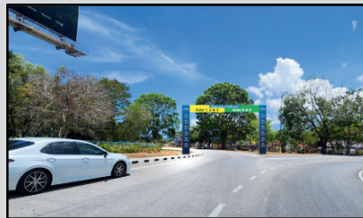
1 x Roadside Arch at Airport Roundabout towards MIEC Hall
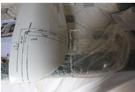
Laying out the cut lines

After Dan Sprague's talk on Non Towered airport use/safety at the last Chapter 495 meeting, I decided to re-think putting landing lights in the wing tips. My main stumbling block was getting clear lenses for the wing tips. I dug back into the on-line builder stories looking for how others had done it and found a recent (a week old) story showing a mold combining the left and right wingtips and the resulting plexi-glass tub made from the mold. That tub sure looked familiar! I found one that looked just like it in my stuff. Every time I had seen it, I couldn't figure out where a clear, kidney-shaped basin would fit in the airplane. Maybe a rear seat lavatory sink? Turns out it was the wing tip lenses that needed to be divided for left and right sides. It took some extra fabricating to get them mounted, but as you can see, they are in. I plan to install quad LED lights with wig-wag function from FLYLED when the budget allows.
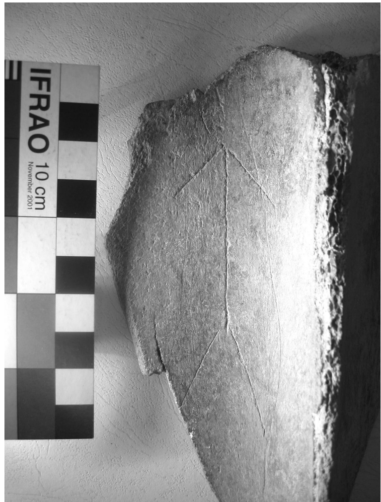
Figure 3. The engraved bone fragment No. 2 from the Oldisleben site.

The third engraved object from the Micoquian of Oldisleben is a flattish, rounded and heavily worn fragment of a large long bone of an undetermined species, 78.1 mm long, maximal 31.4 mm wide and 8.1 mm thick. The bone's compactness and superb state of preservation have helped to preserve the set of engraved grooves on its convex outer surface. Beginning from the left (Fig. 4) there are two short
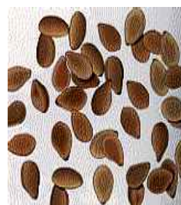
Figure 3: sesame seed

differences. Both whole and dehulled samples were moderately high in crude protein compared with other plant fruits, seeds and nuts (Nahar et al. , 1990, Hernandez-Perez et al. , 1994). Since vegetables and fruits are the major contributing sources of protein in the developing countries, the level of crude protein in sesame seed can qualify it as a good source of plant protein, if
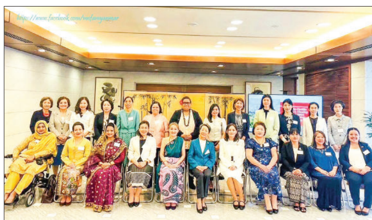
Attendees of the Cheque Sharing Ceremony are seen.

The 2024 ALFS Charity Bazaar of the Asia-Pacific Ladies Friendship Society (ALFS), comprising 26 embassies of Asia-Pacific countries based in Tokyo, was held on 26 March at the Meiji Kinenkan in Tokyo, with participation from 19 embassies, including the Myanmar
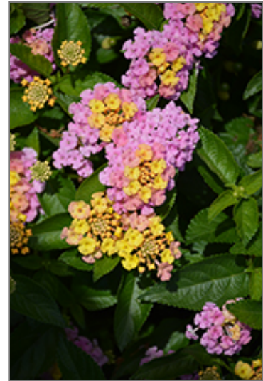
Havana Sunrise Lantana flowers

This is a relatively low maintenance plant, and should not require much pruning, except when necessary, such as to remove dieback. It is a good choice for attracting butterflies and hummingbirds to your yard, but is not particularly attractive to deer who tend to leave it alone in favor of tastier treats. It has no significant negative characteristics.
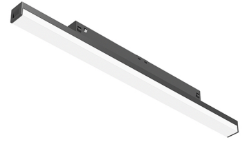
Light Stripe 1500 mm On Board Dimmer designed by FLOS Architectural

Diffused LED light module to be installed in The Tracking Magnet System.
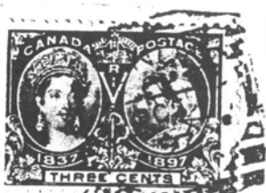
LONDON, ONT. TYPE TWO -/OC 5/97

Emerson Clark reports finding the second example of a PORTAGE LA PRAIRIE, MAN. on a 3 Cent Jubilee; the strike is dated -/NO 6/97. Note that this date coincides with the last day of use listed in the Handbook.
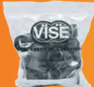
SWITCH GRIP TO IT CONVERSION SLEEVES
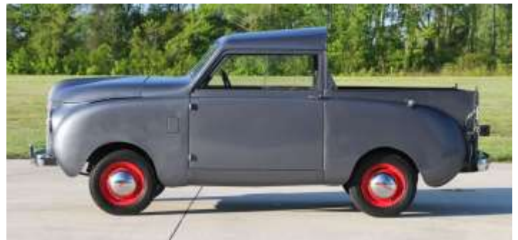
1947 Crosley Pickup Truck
━━━━━━━━━━━━━━━━━━━━
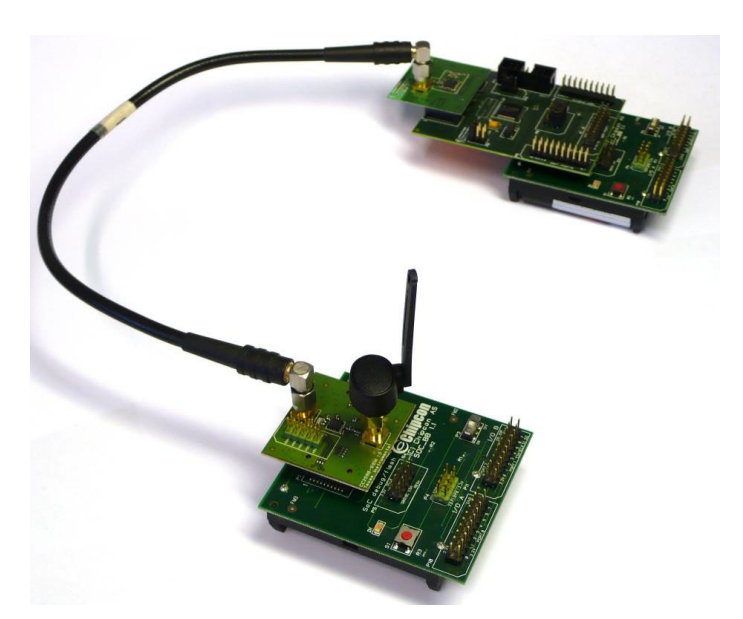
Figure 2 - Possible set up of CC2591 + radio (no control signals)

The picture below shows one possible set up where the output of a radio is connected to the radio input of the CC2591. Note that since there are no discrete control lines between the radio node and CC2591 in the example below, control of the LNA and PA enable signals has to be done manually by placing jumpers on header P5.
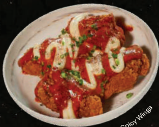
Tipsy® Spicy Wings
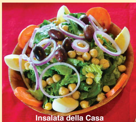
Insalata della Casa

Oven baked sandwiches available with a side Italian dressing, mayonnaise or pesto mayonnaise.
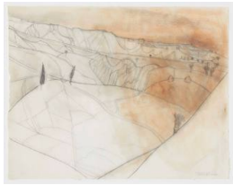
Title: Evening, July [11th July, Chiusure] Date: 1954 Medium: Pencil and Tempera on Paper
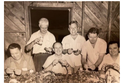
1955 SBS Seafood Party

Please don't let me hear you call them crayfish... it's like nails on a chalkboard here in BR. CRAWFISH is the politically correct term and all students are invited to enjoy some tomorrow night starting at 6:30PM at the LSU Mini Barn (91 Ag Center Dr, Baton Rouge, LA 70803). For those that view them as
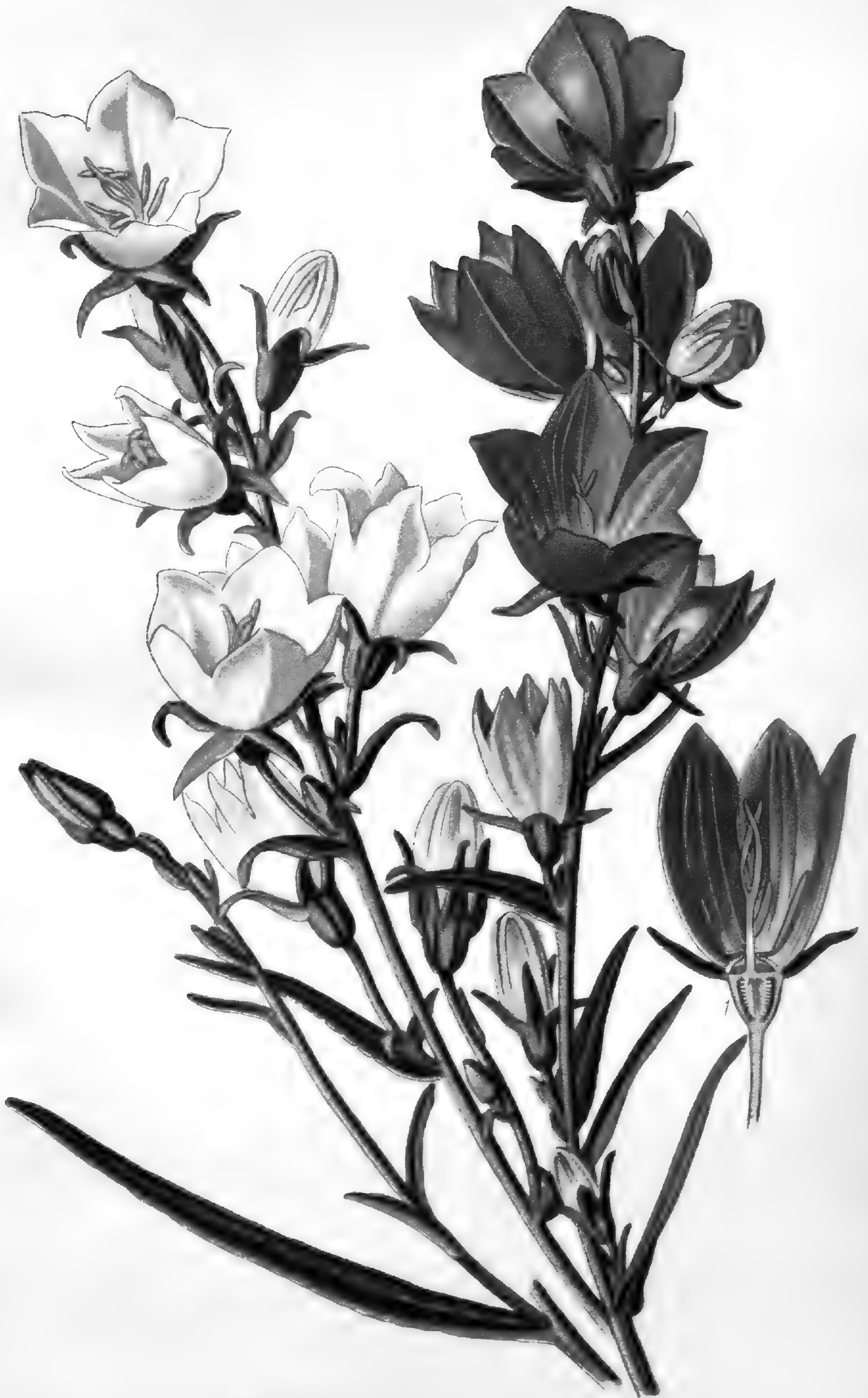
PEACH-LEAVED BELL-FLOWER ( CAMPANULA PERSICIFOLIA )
━━━━━━━━━━━━━━━━━━━━
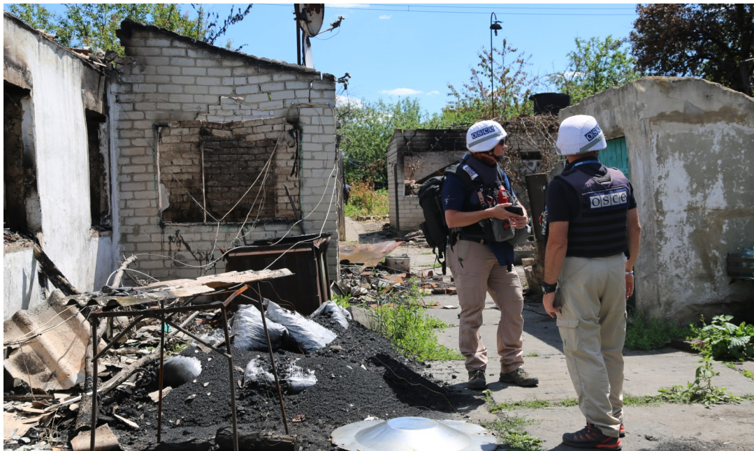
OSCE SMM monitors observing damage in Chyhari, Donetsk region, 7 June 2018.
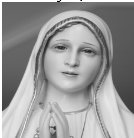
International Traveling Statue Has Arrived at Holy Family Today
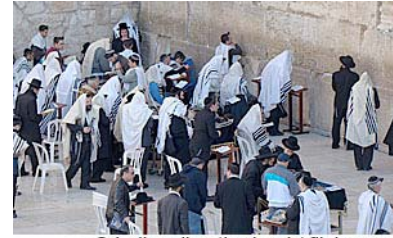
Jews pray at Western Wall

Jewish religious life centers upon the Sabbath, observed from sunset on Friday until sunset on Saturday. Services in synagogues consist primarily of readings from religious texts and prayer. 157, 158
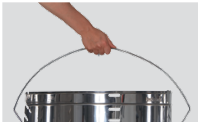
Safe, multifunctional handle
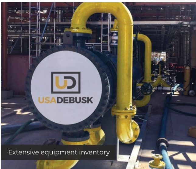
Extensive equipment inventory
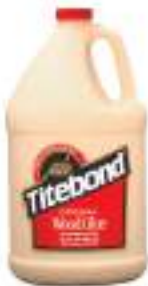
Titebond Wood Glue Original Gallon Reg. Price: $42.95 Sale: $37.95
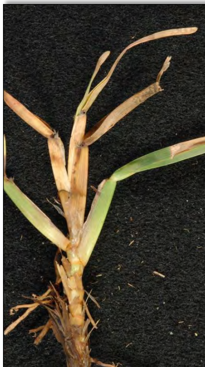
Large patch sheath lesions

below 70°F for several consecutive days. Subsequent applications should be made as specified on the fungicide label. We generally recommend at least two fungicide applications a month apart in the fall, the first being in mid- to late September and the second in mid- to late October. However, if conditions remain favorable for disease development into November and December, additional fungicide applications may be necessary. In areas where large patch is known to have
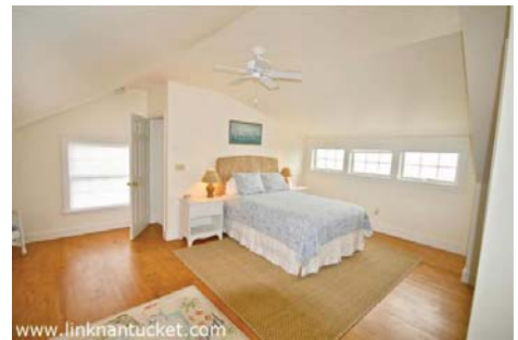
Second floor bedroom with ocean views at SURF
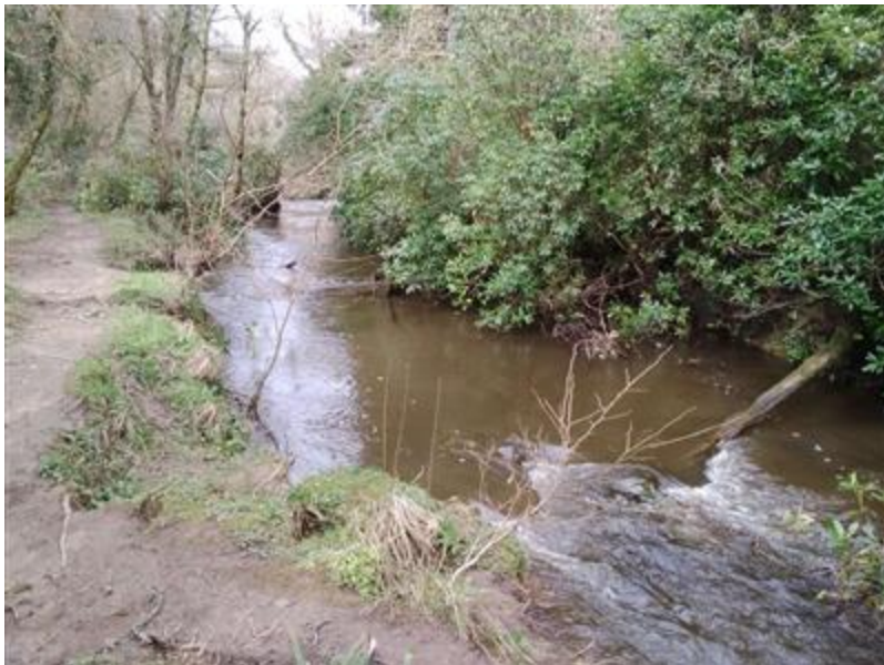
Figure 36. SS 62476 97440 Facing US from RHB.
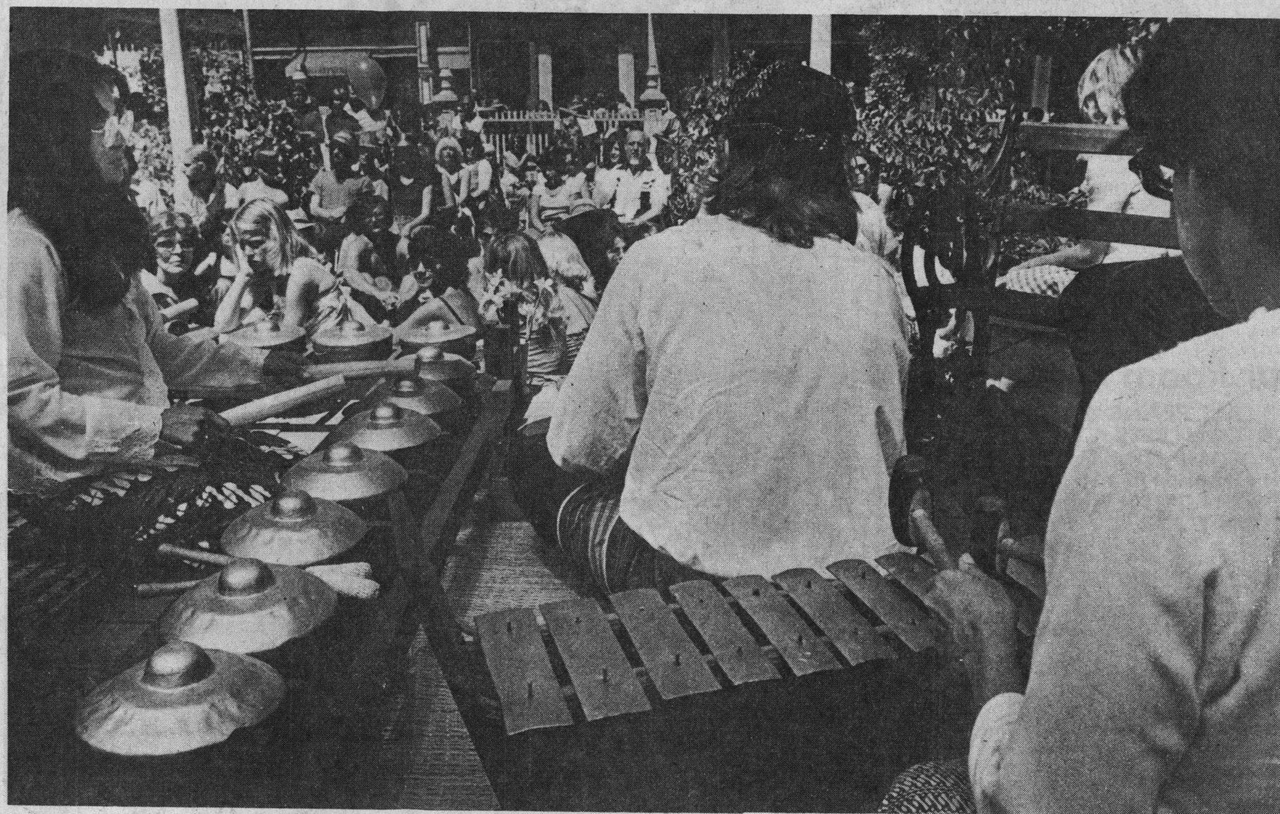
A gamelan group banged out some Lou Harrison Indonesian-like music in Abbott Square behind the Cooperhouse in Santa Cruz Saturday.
━━━━━━━━━━━━━━━━━━━━
◆ Exercise requirements
Every line above from the one with "1955 SBS Seafood Party" down to the one with "PEACH-LEAVED BELL-FLOWER ( CAMPANULA" must be written out exactly, and no picture may appear.

◆ Answer section
1955 SBS Seafood Party

Please don't let me hear you call them crayfish... it's like nails on a chalkboard here in BR. CRAWFISH is the politically correct term and all students are invited to enjoy some tomorrow night starting at 6:30PM at the LSU Mini Barn (91 Ag Center Dr, Baton Rouge, LA 70803). For those that view them as
PEACH-LEAVED BELL-FLOWER ( CAMPANULA PERSICIFOLIA )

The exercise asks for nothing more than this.